Now suppose for contradiction that $S_6$ has elements $x_{i,j}$ satisfying these same relations and not all equal to the identity. No $x_{i,j}$ can be the identity because then by taking commutators they all would be the identity. Being a commutator, $x_{i,j}$ must belong to $A_6$. It is the commutator of $x_{i,k}$ and $x_{k,j}$, two elements of $A_6$ that commute with it. Looking at all cases, you see that the only nontrivial elements of $A_6$ whose centralizers are nonabelian are those of the form $(ab)(cd)$, product of two disjoint $2$-cycles. If $x_{i,j}=(ab)(cd)$ then $x_{i,k}$ and $x_{k,j}$ must be elements of its centralizer and again of the same type.

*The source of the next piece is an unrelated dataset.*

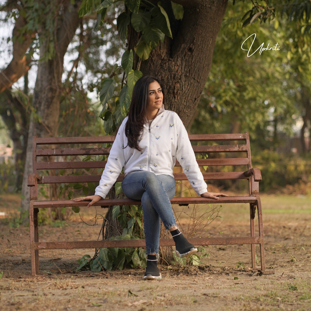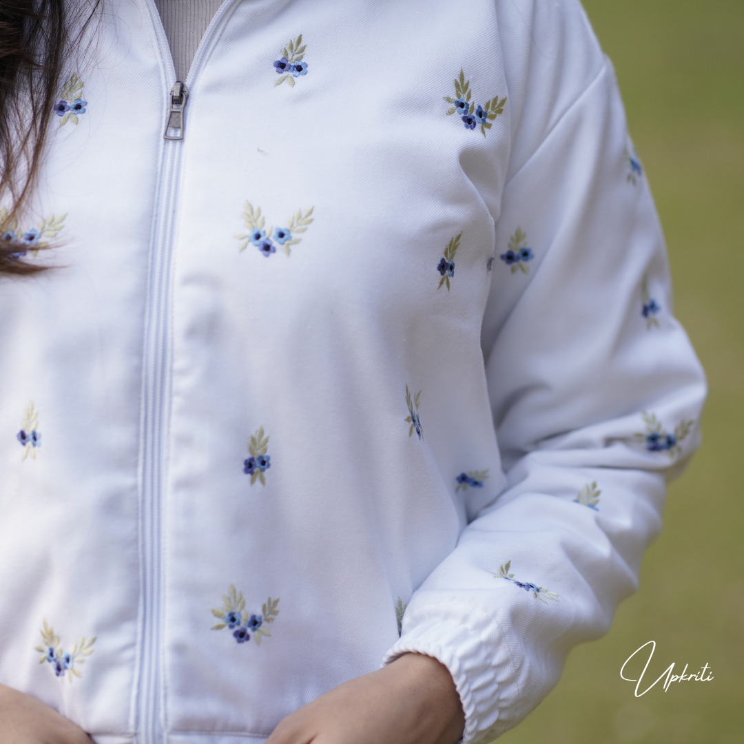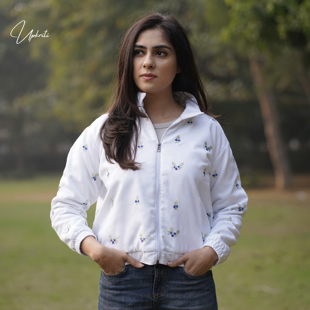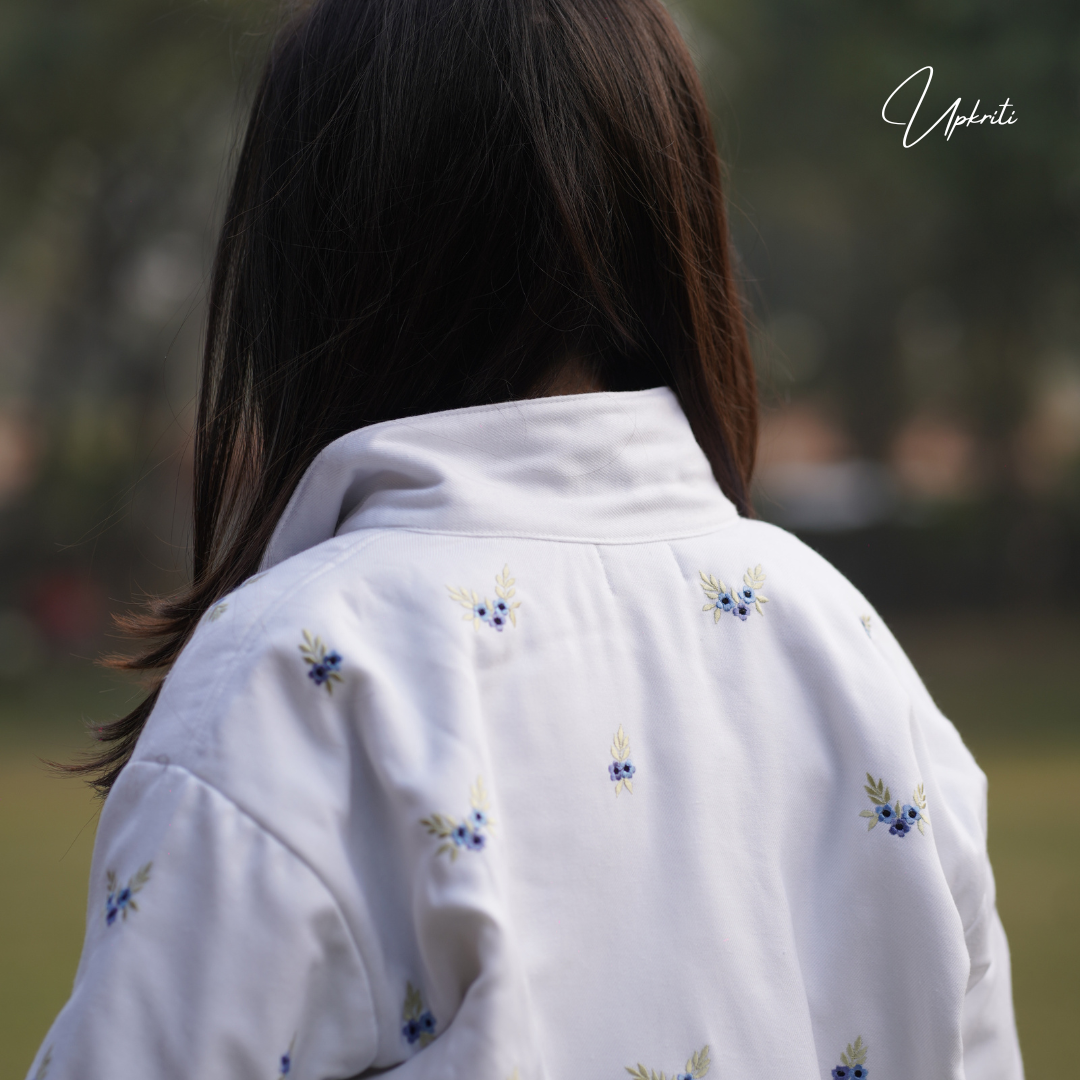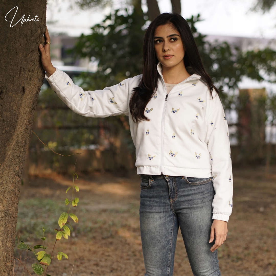 Presentamos la chaqueta de lana blanca con bordado floral de Upkriti.

But the only such elements are $(ab)(cd)$, $(ac)(bd)$, $(ad)(bc)$, $(ab)(ef)$, and $(cd)(ef)$. There are only a few possibilities for pairs of these whose commutator is $(ab)(cd)$. You'll find that none of them will lead to a solution, a choice of $x_{i,j}$ for all $i$ and $j$.
A: To fill in the comments, there are basically two serious issues involved.
1) You want to know that every subgroup of finite index in $\mathrm{SL}(3,\mathbb{Z})$ contains some congruence kernel: the kernel of the natural reduction homomorphism induced by $\mathbb{Z} \rightarrow \mathbb{Z}/n\mathbb{Z}$.  In other words, the original group satisfies the congruence subgroup property (as HW comments).   This is already quite nontrivial to prove and evolved from work of Bass-Lazard-Serre here followed by more definitive work by Bass-Milnor-Serre here.
(There is some exposition in the last part of my 1980 Springer Lecture Notes 789.)
2) Now you have to pin down the maximal subgroups of a typical finite group $\mathrm{SL}(3,n)$ and pull these back to the big group in order to sort out which give you subgroups of minimal index there.   Maximal subgroups of the finite groups in question have been extensively studied, especially over finite fields, but in this case some trial-and-error leads pretty quickly to the number 7, as indicated by Aakumadula.  This results from the first possibility $n=2$, where you get the simple nonabelian group $\mathrm{SL}(3,2)$ of order $ 8 \cdot 3 \cdot 7$, from the general formula for a prime $p$ given by $p^3 (p^2-1)(p^3-1)$.  Here there is a maximal parabolic subgroup of index 7.  
The search for maximal subgroups is itself a major project, for which I don't have all relevant references at hand.   But over a field some basic insight comes from algebraic groups, where you see that a maximal (closed) proper subgroup will be either parabolic or reductive.    I'm not sure in the special case at hand how hard it is to pin down the maximal subgroups of the various finite groups directly.
ADDED: As pointed out in comments, it's possible here to rule out subgroups of index 2 or 3 by combining the known commutator group result with a study of actions of the big group on left cosets of a hypothetical subgroup.   But a systematic study (especially for other Chevalley-type groups) probably requires something like the program I've sketched above.   Given the congruence subgroup property, the study of subgroups of finite index then reduces quickly to the study of finite groups of the same type over finite rings and then prime fields.   In your case, this helps to provide a conceptual answer to such questions as:  Why does $\mathrm{SL}(3, \mathbb{Z})$ have a subgroup of index 7? 
There is a vast literature by now on maximal subgroups of known finite simple groups, by people including Aschbacher, Kleidman, Liebeck, Scott, Seitz, ....   An older brief survey by Kleidman-Liebeck, with an impressive bibliography, appeared in Geom. Dedicata 25 (1988).   For your specific group there are very old results, but the general approach is more unified even though intricate.